In later research, Horvitz used C. elegans to study how genes control animal development and behavior. He also connected findings from the worm to human diseases, such as cancer and neurodegenerative disorders like amyotrophic lateral sclerosis (ALS). He further explained the steps involved in programmed cell death and identified important parts of this process, including EGL-1, a protein that starts apoptosis by blocking CED-9. He also studied genes like ces-1, ces-2, and ced-8, which help control when cells die. Horvitz continued researching changes in the timing of cell development and worked on topics like how cells send signals, how bodies form shapes, and how nerves develop. He collaborated with Victor Ambros and David Bartel to study all the more than 100 microRNAs in the C. elegans genome.

Works

Horvitz has more than 255 published works, has been cited more than 49,000 times, and has an h-index of 108.
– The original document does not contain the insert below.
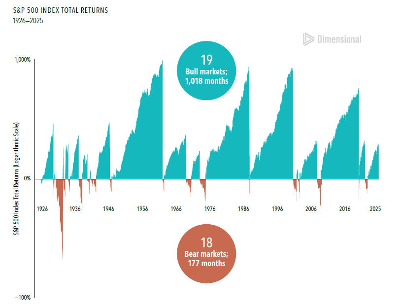 • From 1926 through 2025, the S&P 500 Index experienced 18 bear markets, or a fall of at least 20% from a previous peak, ranging from —21% to —80% across an average length of 10 months.

• Sulston, J.E.; Horvitz, H.R. (March 1977). "Post-embryonic cell lineages of the nematode, Caenorhabditis elegans." Developmental Biology. 56 (1): 110–156. doi: 10.1016/0012-1606(77)90158-0. PMID 838129.
• Ellis, Hillary M.; Horvitz, H. Robert (28 March 1986). "Genetic control of programmed cell death in the nematode C. elegans." Cell. 44 (6): 817–829. doi: 10.1016/0092-8674(86)90004-8. PMID 3955651. S2CID 44031839.
• Ellis, R E; Yuan, J; Horvitz, H R (November 1991). "Mechanisms and Functions of Cell Death." Annual Review of Cell Biology. 7 (1): 663–698. doi: 10.1146/annurev.cb.07.110191.003311. PMID 1809356.
• Yuan, J; Shaham, S; Ledoux, S; Ellis, HM; Horvitz, HR (19 November 1993). "The C. elegans cell death gene ced-3 encodes a protein similar to mammalian interleukin-1 beta-converting enzyme." Cell. 75 (4): 641–652. doi: 10.1016/0092-8674(93)90485-9. PMID 8242740.
• Hengartner, MO; Horvitz, HR (25 February 1994). "C. elegans cell survival gene ced-9 encodes a functional homolog of the mammalian proto-oncogene bcl-2." Cell. 76 (4): 665–76. doi: 10.1016/0092-8674(94)90506-1. PMID 7907274. S2CID 29437409.